WHAT YOU WILL DO.
Reproduce everything from the line that contains "The following graphs" down to the line that contains "Это замкнутое пространство" in the listing below, word for word and nothing more. Leave the pictures out.

SOURCE MATERIAL.
————————

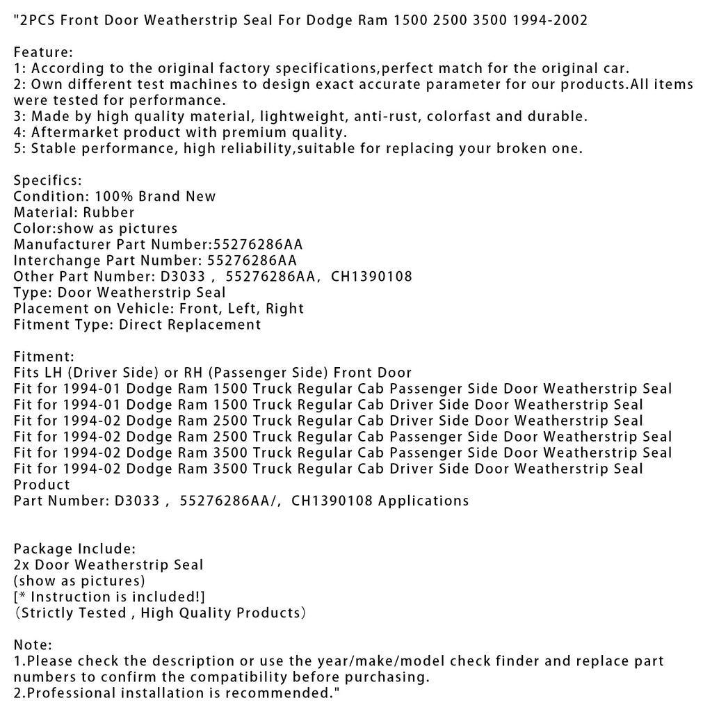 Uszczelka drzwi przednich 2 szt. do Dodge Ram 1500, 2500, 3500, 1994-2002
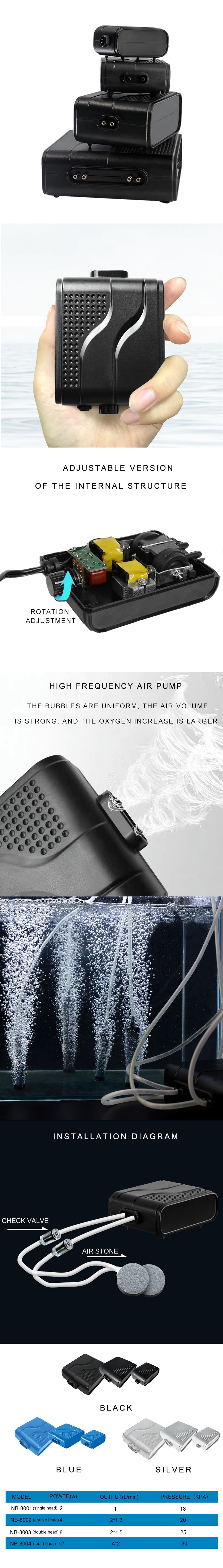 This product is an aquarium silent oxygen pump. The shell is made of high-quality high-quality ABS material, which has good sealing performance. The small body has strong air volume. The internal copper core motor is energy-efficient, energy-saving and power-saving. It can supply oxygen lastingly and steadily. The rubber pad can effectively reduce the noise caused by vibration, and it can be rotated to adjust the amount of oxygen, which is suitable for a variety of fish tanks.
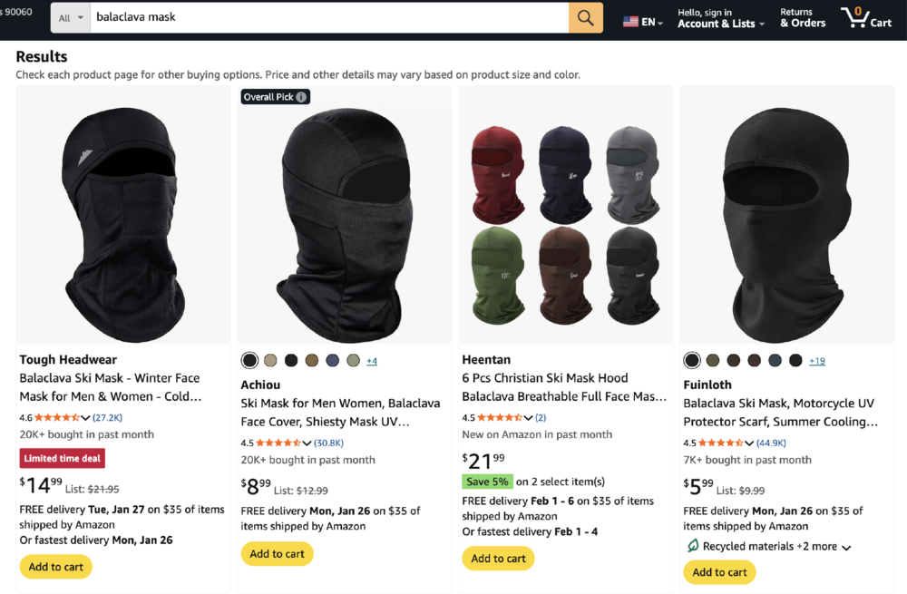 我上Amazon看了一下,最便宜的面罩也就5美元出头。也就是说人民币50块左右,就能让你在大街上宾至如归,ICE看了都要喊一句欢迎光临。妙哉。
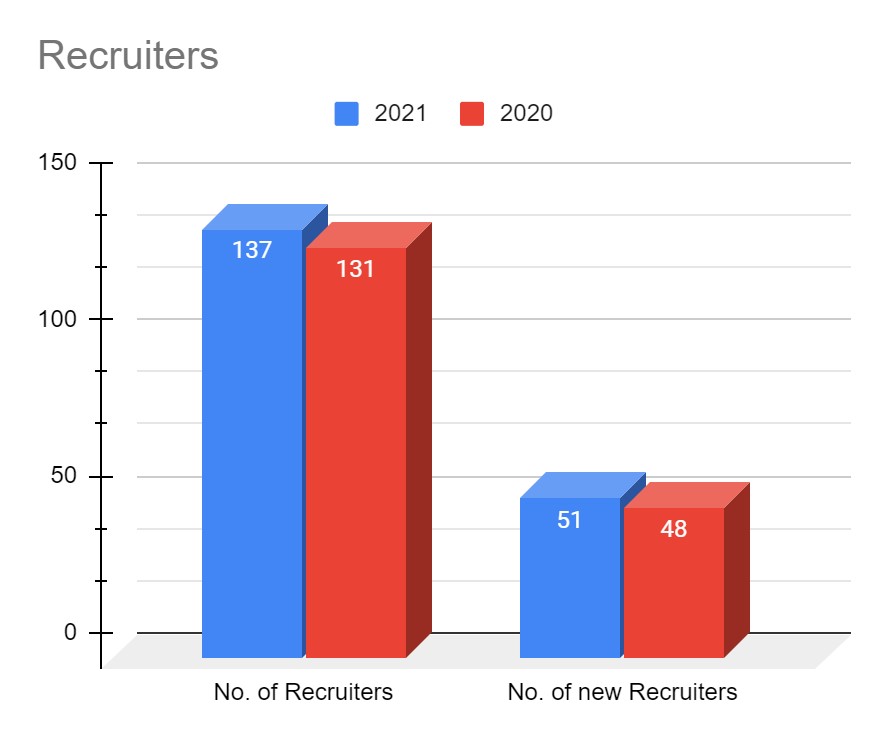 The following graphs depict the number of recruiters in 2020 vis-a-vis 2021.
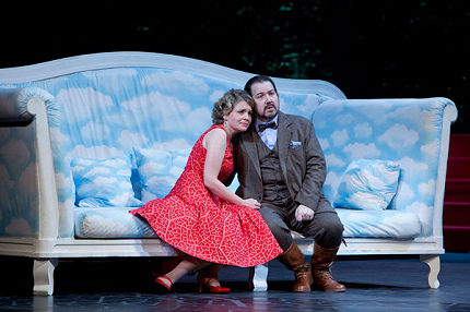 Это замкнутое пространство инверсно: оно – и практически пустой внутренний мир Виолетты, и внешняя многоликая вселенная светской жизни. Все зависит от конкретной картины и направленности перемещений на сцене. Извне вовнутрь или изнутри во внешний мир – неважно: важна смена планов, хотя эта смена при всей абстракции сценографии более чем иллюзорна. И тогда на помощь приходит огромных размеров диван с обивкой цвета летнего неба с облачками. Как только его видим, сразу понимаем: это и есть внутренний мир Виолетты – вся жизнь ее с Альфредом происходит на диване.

————————

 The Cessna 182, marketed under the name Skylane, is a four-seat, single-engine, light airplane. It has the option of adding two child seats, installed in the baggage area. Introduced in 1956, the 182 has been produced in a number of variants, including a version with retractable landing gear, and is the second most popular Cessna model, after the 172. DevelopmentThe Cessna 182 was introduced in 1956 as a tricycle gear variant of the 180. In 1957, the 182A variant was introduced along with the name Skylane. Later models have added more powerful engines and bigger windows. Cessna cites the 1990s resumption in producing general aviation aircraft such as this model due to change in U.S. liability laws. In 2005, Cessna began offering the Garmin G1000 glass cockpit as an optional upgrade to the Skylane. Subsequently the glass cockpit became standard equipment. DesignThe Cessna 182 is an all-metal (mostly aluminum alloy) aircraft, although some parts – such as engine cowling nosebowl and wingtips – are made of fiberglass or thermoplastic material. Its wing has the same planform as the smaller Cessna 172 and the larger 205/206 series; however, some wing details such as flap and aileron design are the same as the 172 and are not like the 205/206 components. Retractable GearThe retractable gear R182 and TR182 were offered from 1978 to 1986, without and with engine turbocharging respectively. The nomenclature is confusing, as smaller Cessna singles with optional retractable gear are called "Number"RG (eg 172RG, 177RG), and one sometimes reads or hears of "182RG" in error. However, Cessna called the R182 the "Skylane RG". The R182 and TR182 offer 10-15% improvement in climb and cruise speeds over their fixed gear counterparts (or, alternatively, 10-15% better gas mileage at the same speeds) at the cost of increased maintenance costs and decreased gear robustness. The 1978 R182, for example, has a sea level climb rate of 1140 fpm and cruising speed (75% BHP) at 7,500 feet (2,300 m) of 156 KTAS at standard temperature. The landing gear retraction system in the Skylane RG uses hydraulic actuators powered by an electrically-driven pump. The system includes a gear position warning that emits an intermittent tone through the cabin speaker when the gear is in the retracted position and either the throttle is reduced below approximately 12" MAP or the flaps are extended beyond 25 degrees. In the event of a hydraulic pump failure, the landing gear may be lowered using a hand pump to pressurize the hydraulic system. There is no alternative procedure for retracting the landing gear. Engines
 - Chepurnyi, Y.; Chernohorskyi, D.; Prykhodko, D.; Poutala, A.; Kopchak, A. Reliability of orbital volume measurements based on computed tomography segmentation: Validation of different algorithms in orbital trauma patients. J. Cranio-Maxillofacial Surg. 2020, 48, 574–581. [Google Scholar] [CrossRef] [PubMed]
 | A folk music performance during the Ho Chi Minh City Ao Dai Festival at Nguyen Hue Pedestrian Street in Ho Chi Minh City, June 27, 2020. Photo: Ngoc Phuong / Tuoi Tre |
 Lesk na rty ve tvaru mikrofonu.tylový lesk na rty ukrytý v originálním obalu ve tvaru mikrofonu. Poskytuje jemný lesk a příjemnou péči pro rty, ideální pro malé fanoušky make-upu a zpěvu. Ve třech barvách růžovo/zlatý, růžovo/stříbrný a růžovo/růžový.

————————

YOUR RESPONSE.
 The following graphs depict the number of recruiters in 2020 vis-a-vis 2021.
 Это замкнутое пространство инверсно: оно – и практически пустой внутренний мир Виолетты, и внешняя многоликая вселенная светской жизни. Все зависит от конкретной картины и направленности перемещений на сцене. Извне вовнутрь или изнутри во внешний мир – неважно: важна смена планов, хотя эта смена при всей абстракции сценографии более чем иллюзорна. И тогда на помощь приходит огромных размеров диван с обивкой цвета летнего неба с облачками. Как только его видим, сразу понимаем: это и есть внутренний мир Виолетты – вся жизнь ее с Альфредом происходит на диване.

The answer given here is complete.